The initial documentation is summarized on this page – “X3D version 4: New features of materials, lights and textures”. With time, more documentation will appear in CGE, and of course X3D v4 specification will also eventually be available as a definite reference of this. The examples are in my x3d-tests repository, in pbr/ subdirectory.

New features:

  • Physically-based rendering (PBR) using the new PhysicalMaterial node.

  • Ability to render glTF models with physical materials. Test it by opening any glTF 2.0 sample model with any engine tool. You can e.g. try view3dscene from snapshots.

  • Much enhanced classic (Phong) lighting model thanks to the enhanced Material node with lots of new fields for textures (emissiveTexture, normalTexture, specularShininessTexture, ambientTexture),

  • More natural “unlit” rendering using the new UnlitMaterial node (very useful for 2D games, and better than previous approach of “Material with only emissiveColor non-zero”, see Why is UnlitMaterial useful for the detailed reasoning),

  • Image-based lighting using EnvironmentLight node. This is in-progress now (not yet working).

All of this is implemented in CGE. We get latest X3D features in this area, while also becoming a reference implementation of these X3D concepts.

Backward compatibility

This change also pushed many fixes to the existing lighting shaders, to be pretty and 100% correct (in regards to both X3D 3 and X3D 4). This means:

  • SeparateDiffuseTexture is now always “on”. This means that X3D Appearance.texture multiplies only diffuse factor (in Phong shading). So the emissiveColor or specularColor are not affected by the Appearance.texture.

    This was always (in all X3D versions, past and future) required.

    Note that Gouraud shading continues to work as before, because in Gouraud shading there’s technically no other choice: Appearance.texture must multiply everything (the whole result of lighting calculation).

  • Using Material with only emissiveColor non-zero behaves now 100% correctly, following X3D equations.

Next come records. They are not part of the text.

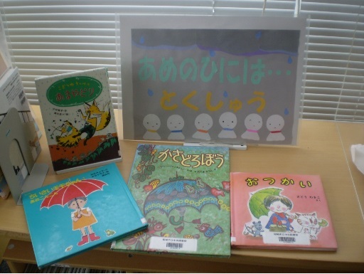 恵みの雨。癒しの雨。 でも図書館にとっては大事な本がしっとりしてしまう、 ちょっと困りものの季節がやってきました。 貸出や返却の時には、本が濡れないように気をつけて下さいね☆ ただいま児童コーナーでは、 よむゾウNo.58で紹介している「雨の日には」特集の本や 「ぼくのわたしのオススメの本」ランキング結果の本を展示しています。 涼しげなアジサイが目印です☆ぜひぜひ、ご覧下さい☆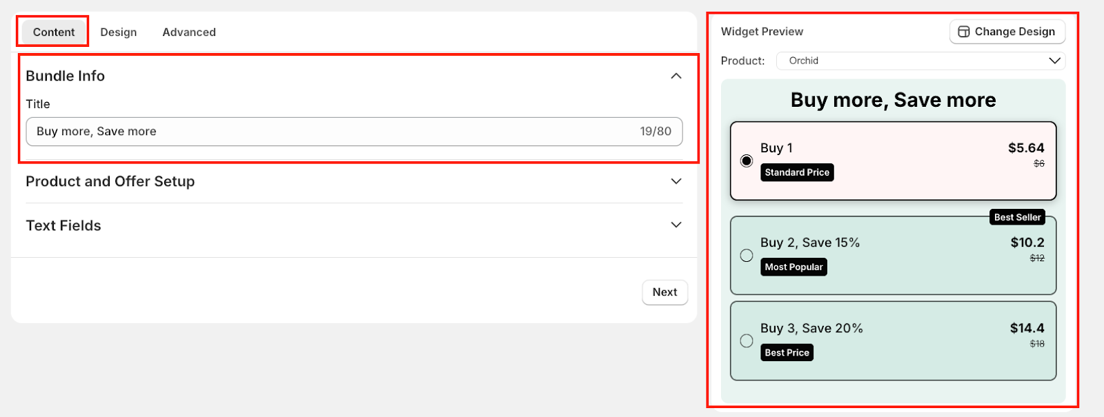 Once you're done customizing the text fields, click Next to proceed to the Design section of the bundle setup.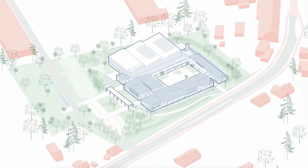 De nieuwe vrijetijdssite voor Sint-Katelijne-Waver is gelegen op wandelafstand van de gemeentekern en wordt begrensd door een woonlint vooraan en een kmo-zone achteraan. “Om stedenbouwkundig in te spelen op deze context hebben we de diversiteit aan functies vertaald in vier aparte bouwvolumes, kleinschaliger en met herkenbare dakvormen in lijn met het woonlint vooraan, grootschaliger met de evenementenhal richting de kmo-zone”, vertellen Thomas Delauré, Vincent Nulens en Nicolas Plovie van LAVA architecten.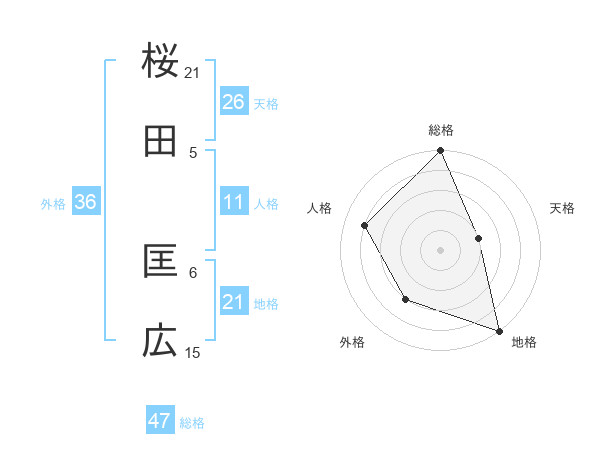 桜田 匡広さんを姓名の画数から五運を鑑定

    Previous it was not only an “optimized case of Material”, it also changed the behavior: Appearance.texture was multiplied with emissiveColor (as opposed to multiplying it by diffuseColor). Even when SeparateDiffuseTexture was true, even when Phong shading was used.

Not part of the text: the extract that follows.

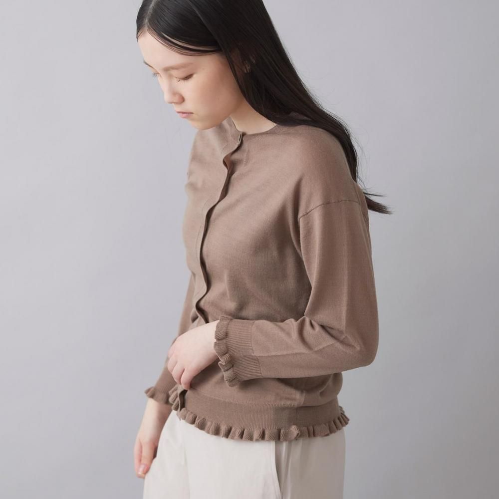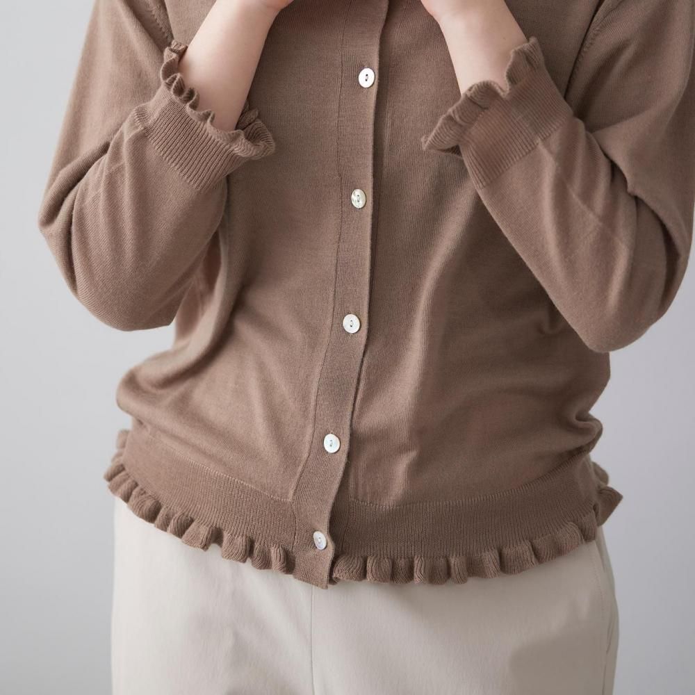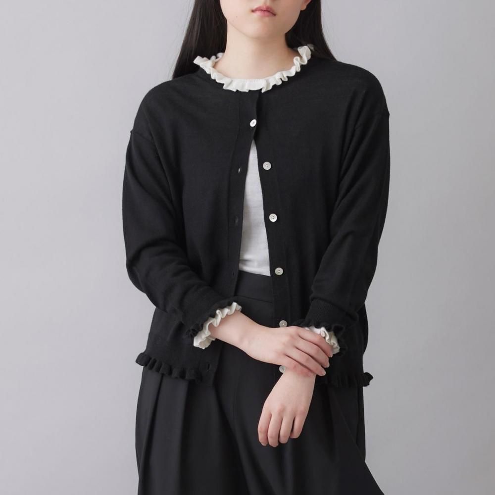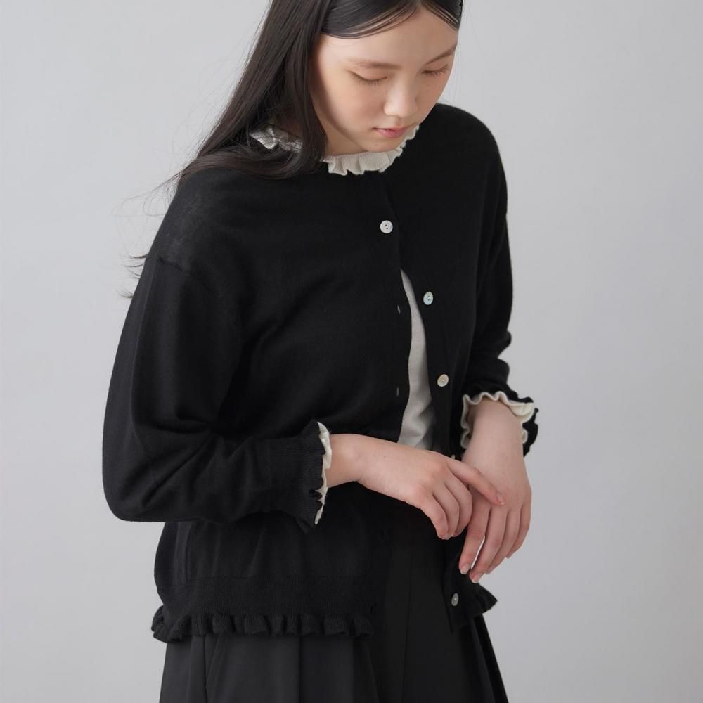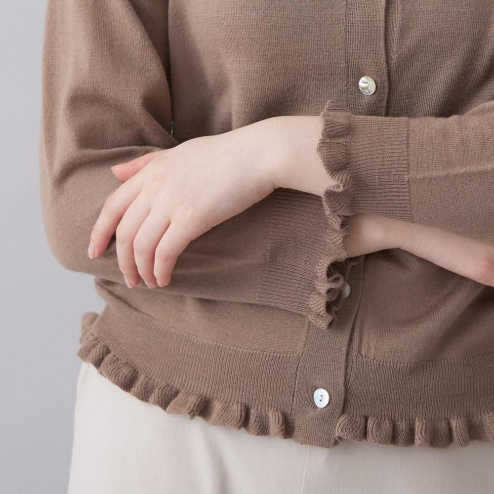 裾と袖口にあしらったラッフルが、さりげないフェミニンさを添えるカーディガン。

    It’s no longer the case.

    Bottom line:

    1. Appearance.texture now always multiplies diffuse factor of the Material, if possible (IOW in Phong shading). Only in Gouraud shading it behaves differently (as then it has to multiply everything).

    2. Use UnlitMaterial instead of Material to have unlit shapes. In case of UnlitMaterial, Appearance.texture always multiplies the emissiveColor. Other things (Color nodes) also behave more naturally for unlit case.

    So it’s simple now:

    • When using Material (Phong lighting model) -> Appearance.texture multiplies diffuseColor
    • When using UnlitMaterial -> Appearance.texture multiplies emissiveColor
    • When using PhysicalMaterial -> Appearance.texture multiplies baseColor

    Color and ColorRGBA nodes are also correct now. They replace the diffuseColor in case of Material — always. Previously, in case of only emissiveColor non-zero they were multiplied and by emissive factor, which was contradicting 2 points of spec. Now they replace the diffuse factor, always (whether “only emissiveColor is non-zero” or not).